Start of Block
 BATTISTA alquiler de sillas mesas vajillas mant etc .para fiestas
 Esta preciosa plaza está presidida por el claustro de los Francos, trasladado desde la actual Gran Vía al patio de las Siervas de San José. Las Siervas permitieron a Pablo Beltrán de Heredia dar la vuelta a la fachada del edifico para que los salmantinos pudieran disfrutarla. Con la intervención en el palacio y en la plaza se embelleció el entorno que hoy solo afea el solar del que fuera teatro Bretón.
End of Block
Start of Block
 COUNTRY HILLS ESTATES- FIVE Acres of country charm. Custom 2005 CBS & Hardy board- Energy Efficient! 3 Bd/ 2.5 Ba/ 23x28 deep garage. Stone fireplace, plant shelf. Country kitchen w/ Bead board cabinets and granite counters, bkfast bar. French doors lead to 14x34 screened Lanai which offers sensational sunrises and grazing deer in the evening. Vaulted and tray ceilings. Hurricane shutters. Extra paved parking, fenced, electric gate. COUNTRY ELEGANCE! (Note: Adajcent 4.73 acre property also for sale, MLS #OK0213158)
End of Block
Start of Block
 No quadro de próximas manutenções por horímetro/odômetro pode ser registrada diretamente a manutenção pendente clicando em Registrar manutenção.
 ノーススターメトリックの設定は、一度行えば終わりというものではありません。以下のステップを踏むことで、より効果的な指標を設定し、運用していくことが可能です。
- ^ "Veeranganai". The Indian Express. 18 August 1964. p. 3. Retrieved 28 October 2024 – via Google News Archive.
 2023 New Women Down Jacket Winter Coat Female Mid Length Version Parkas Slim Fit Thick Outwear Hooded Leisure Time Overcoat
End of Block
§ **Task objective**: Check every line of the listing above for the string "para", and give the number of lines that have it, nothing more.

§ **Exercise solution**: 2